§ **SOURCE DATA**:

※

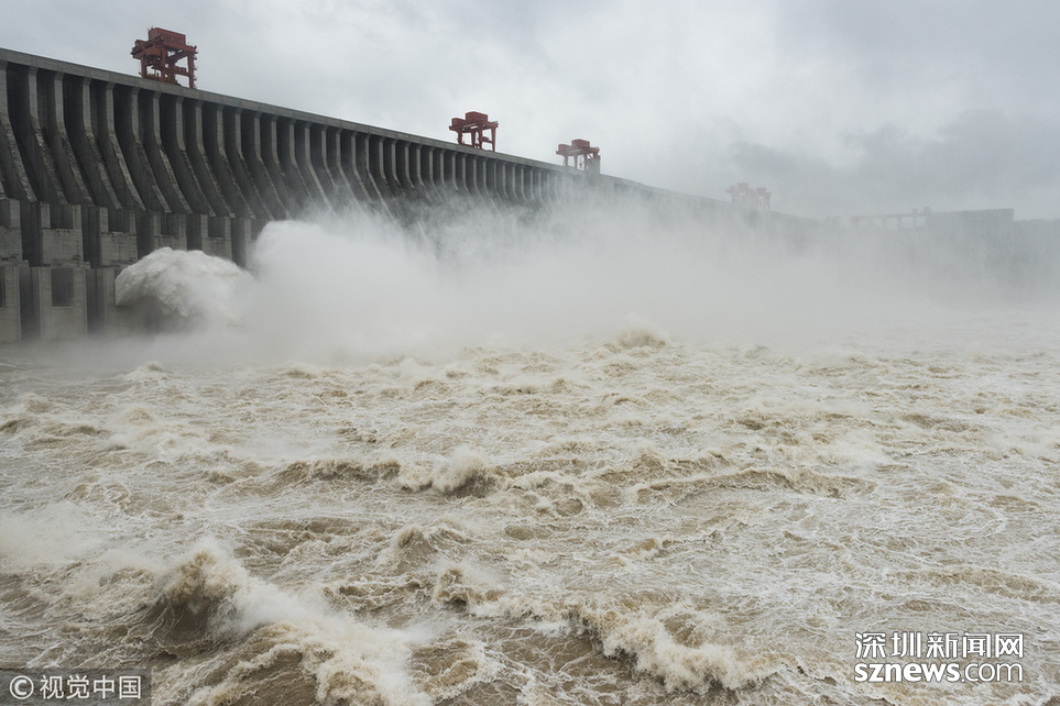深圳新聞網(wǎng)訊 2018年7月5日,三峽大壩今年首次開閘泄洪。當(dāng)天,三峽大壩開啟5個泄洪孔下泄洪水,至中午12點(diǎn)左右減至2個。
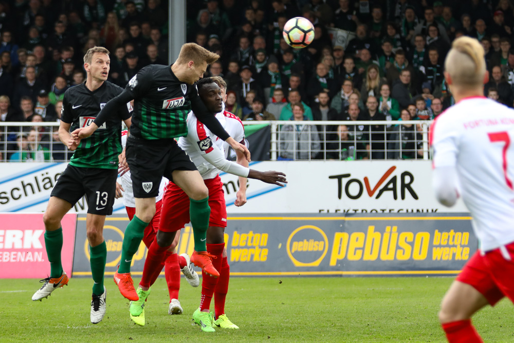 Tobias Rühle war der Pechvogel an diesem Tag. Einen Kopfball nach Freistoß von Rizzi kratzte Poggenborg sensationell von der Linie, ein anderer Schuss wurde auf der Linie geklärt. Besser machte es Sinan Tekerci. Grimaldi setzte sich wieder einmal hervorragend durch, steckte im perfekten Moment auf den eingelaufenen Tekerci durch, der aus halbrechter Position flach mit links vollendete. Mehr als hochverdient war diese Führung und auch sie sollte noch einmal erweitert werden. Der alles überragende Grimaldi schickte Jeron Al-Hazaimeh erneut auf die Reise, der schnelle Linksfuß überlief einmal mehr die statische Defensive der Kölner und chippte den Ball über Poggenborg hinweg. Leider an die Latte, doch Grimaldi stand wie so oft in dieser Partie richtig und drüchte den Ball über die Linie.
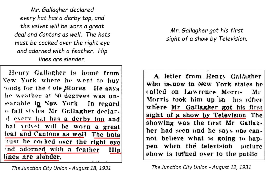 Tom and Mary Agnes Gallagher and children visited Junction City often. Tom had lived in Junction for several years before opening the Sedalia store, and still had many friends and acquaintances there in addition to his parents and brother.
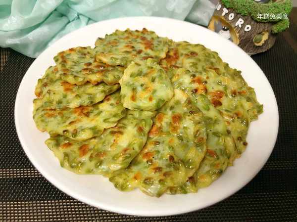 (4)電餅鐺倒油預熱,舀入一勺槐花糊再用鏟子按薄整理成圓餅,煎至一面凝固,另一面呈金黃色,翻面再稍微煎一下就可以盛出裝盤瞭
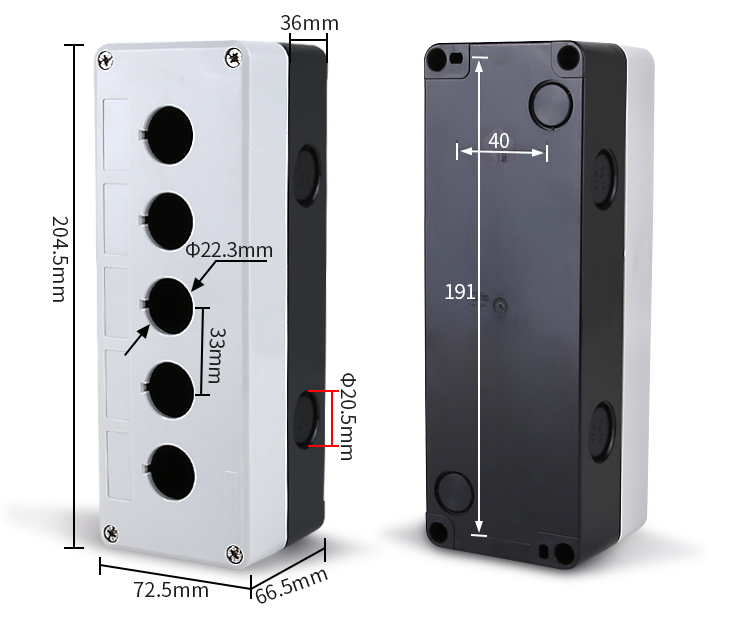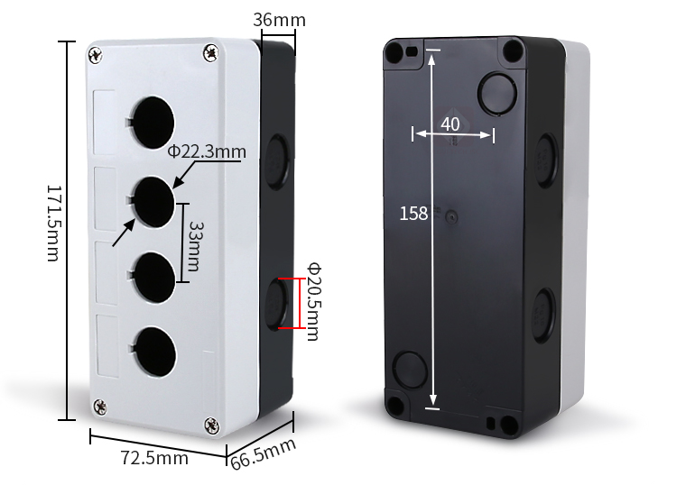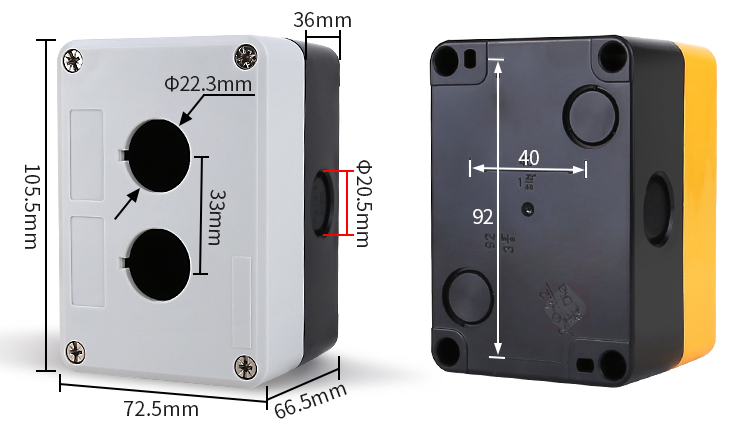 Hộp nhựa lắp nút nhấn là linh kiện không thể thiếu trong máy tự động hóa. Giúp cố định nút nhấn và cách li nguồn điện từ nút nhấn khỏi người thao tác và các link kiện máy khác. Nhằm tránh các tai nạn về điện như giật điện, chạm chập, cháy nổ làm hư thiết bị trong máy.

※

§ **EXERCISE**: Your response must consist of the material above, reproduced word for word, with the images omitted.

§ **ANSWER SECTION**:
深圳新聞網(wǎng)訊 2018年7月5日,三峽大壩今年首次開閘泄洪。當(dāng)天,三峽大壩開啟5個泄洪孔下泄洪水,至中午12點(diǎn)左右減至2個。
 Tobias Rühle war der Pechvogel an diesem Tag. Einen Kopfball nach Freistoß von Rizzi kratzte Poggenborg sensationell von der Linie, ein anderer Schuss wurde auf der Linie geklärt. Besser machte es Sinan Tekerci. Grimaldi setzte sich wieder einmal hervorragend durch, steckte im perfekten Moment auf den eingelaufenen Tekerci durch, der aus halbrechter Position flach mit links vollendete. Mehr als hochverdient war diese Führung und auch sie sollte noch einmal erweitert werden. Der alles überragende Grimaldi schickte Jeron Al-Hazaimeh erneut auf die Reise, der schnelle Linksfuß überlief einmal mehr die statische Defensive der Kölner und chippte den Ball über Poggenborg hinweg. Leider an die Latte, doch Grimaldi stand wie so oft in dieser Partie richtig und drüchte den Ball über die Linie.
 Tom and Mary Agnes Gallagher and children visited Junction City often. Tom had lived in Junction for several years before opening the Sedalia store, and still had many friends and acquaintances there in addition to his parents and brother.
 (4)電餅鐺倒油預熱,舀入一勺槐花糊再用鏟子按薄整理成圓餅,煎至一面凝固,另一面呈金黃色,翻面再稍微煎一下就可以盛出裝盤瞭
 Hộp nhựa lắp nút nhấn là linh kiện không thể thiếu trong máy tự động hóa. Giúp cố định nút nhấn và cách li nguồn điện từ nút nhấn khỏi người thao tác và các link kiện máy khác. Nhằm tránh các tai nạn về điện như giật điện, chạm chập, cháy nổ làm hư thiết bị trong máy.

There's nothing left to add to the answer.